Provenance meeting in Paris, France, 2018 August 28th to August 30th

supported by OV-France, GAVO, Paris Data Center and Asterics Project

Follow_up_meeting

Hosted at Observatoire de Paris, France

Agenda details and talks provided at the indico page at https://indico.obspm.fr/event/59/
Finalising the proposed recommendation for Fall interoperability meeting

Minutes of the meetings/ ML to be completed

Side discussion before start: Poster for Adass conference ???

planned:

  • Mathias Fussling (?)/ Karl Kosak to present CTA-O science user support : a provenance flavour on CTA / CTA data processing
  • ProvDM data model poster :Mathieu or Mireille as first author ?
  • Implementation for CTA : Mathieu ?
  • Implementation prototype in Tripple store : Mireille
To be decided before Thursday noon.

The ProvDM draft update we plan to validate the next days:

  • Activity Flow : Designed as a coarse grain Activity in Prov DM / Designed as a plan in Prov-One --> Skip it for a next version
Prov SAP : New draft updated by Kristin. Output format: in a multi layer graph, iDs should be unique for merging several graphs ( ?) . Do you plan graph merging ? Kristin first attempt : All nodes are present only once

What does DEPTH= mean :

  • 1- ? Generation levels for entities
  • 2- ? Relations between 2 classes of Prov Core : then we need to subclass the kind of relations entity/entity or entity/activity/entity?

Presentations around the table —Tour de table - participants

  • Mathieu Servillat , Luth
  • Anastasia Galkin , Kristin Riebe, IAP, Postdam
  • Michael Johnson, post doc at Southampton . Co advised by Luc Moreau and ?
  • Markus Nullmeier, ARI, Heidelberg
  • Catherine Boisson, Luth , paris
  • Michèle Sanguillon, LUPM, Montpellier
  • François Bonnarel, Mireille Louys, CDS Strasbourg
Discussed other data models presented at Provenance week:
  • Prov-one : scientific workflows
  • UniProv : a binding of Prov DM + PROV-ONE
Parameter discussion : are there context where they are different from entities . Simulation ? A result is computed from an activity : is it an entity ? A parameter? Proposal : wasDerivedFrom is the relation to express a parameter stems from an Entity ? -->still to discuss

Scope for the draft ?

  • ActivityFlow Workflow postponed for next version Prov 2.0
  • Will take benefit of Prov-One concepts and discussion with authors
— End of day 1

Wednesday Aug 29

Presentations

  1. ProvDM draft where we stand ? - MS Discussion What format and content should come out of Prov-SAP? Proposed by Postdam: This the tool to be compatible with W3C tools : Agreed
Will display more concepts than Prov W3C, Extends attributes provided in the core W3C to specific entity classes. But each class derived from entity can be shown as entity type : parameter, parameter description, Activity description, etc…

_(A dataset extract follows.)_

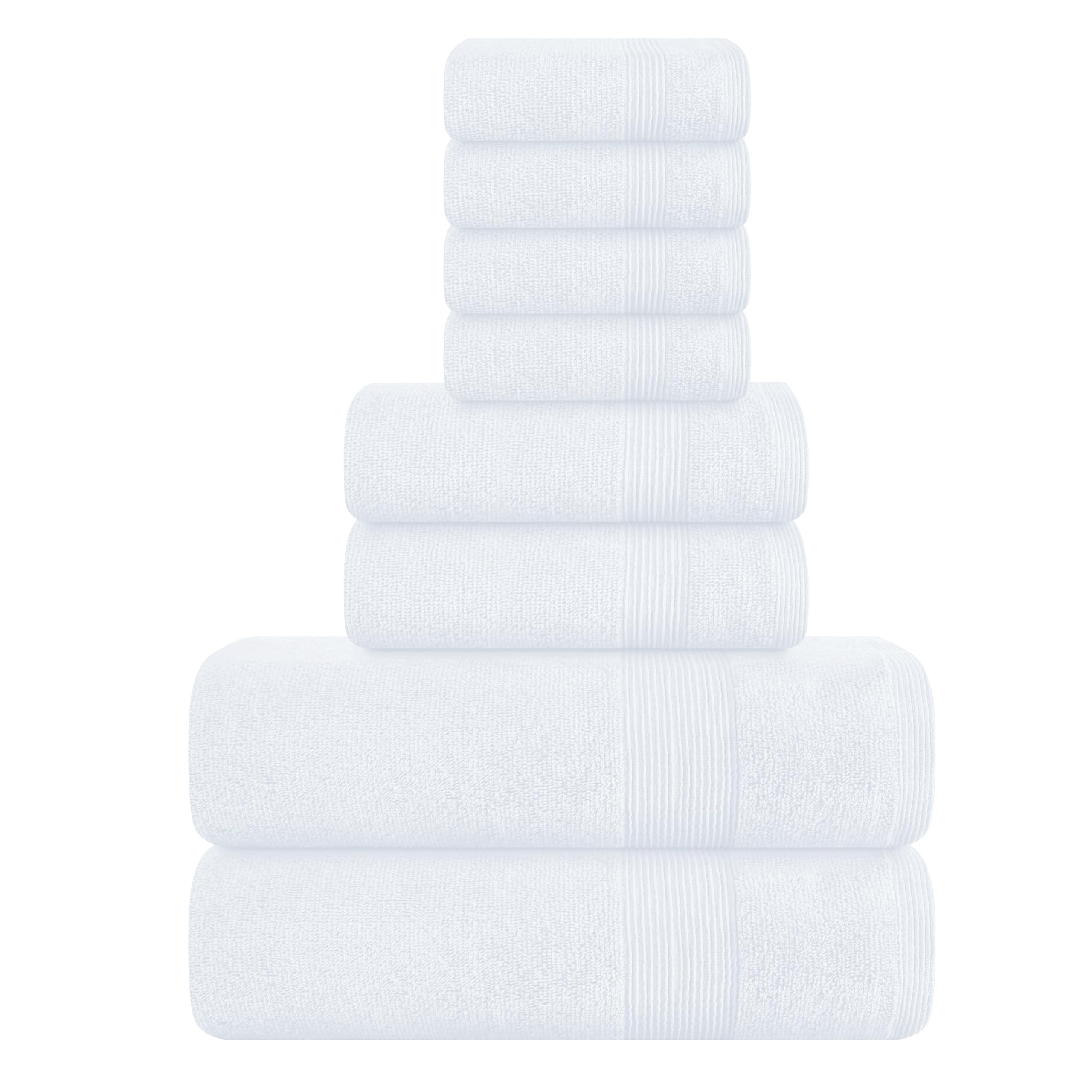 Belizzi Home 8 Piece Towel Set 100% Ring Spun Cotton, 2 Bath Towels 27x54, 2 Hand Towels 16x28 and 4 Washcloths 13x13 - Ultra Soft Highly Absorbent

Translation for relations: IVOA —> W3C

  • had context —> was influenced by
  • had config —> was influenced by
But then it is not easy to read for the user. Looses the fine classification for applications sorting the provenance info.

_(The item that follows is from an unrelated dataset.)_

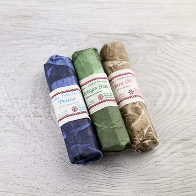 Peace - For Inner Growth: Features a light, fresh scent made from a blend of Myrrh resin, known locally as Ghanten Khampa, with Bodhi Chitta seeds—a symbol of enlightenment and supreme happiness. Created to clear negativity, uplift the mind, and inspire spiritual growth.

Should we derive new visualisation methods for the ivoa serialisation? Enrich the Southampton Provenance Suite for instance …

CTA pipe - MS

!CTA pipe : how calibration provenance is simply recorded.

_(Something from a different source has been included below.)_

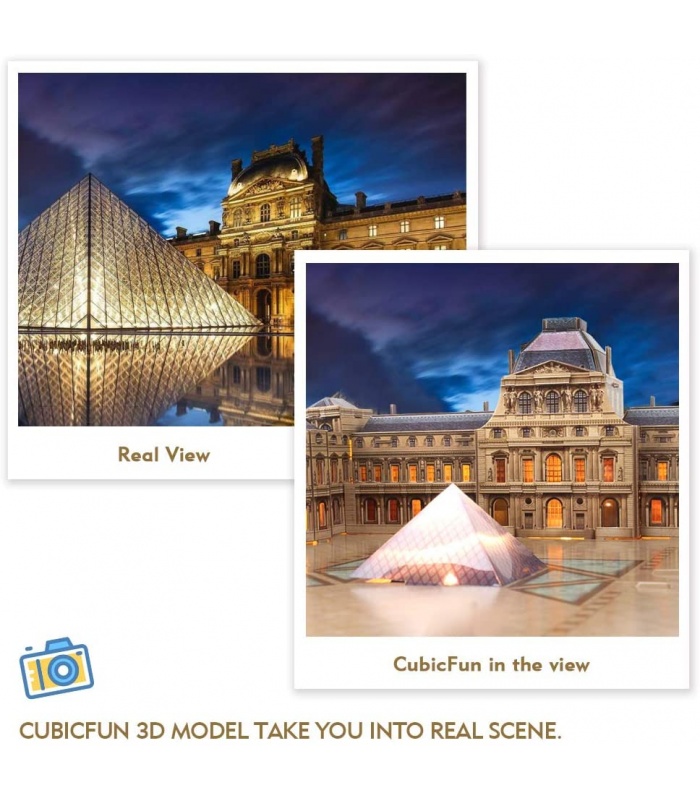 Cubicfun 3D Puzzle The Louvre L517h With LED Lights Model Building Kits

Input output context config —> trace what happens. This is to cover the CTA pipeline execution . you can see it as a workflow tracking system

Opus . MS

Job management : PDAC service at observatoire de Paris. The description of the step is taken from the ActivityDescription definitions. A form can be filled by the job subscriptor user:

Describe the ActivityDescription record with Param names, UCD , datatypes, Used , Generated section in the form. Includes defaults parameter values. When the job is run, values are transmitted. The Provenance graph is generated at the end of job execution and displayed .

DEPTH param in prov SAP: Option All agents - means track them all or show them all ?? To be discussed

Identifying files locally and across various partners or a common store : Used name space to generate the unique ids.

Anastasia - provenance for the Applause data base

https://cloud.aip.de/index.php/s/aY6EccPAQFepH1I

Log pages to be hooked to the scanning process : you could have a scanning activity. Not bound to a simple Prov object. Not clear . Provenance for light curves. The source for each point comes from a different observation. It makes the graph too crowded.

How to distinguish data points provided, from observations provenance ? A source/ rather a detection/ as an entity . How can you adjust the granularity ?

? Michael : Did you try to use summary functions from the ProvToolBox Summaries ? It helps to gather info in a coarse grain view.

Michael johnson - Astronomy WFlows

2 use cases :

a. Lsst differential photometry : is it a new detection or an error ?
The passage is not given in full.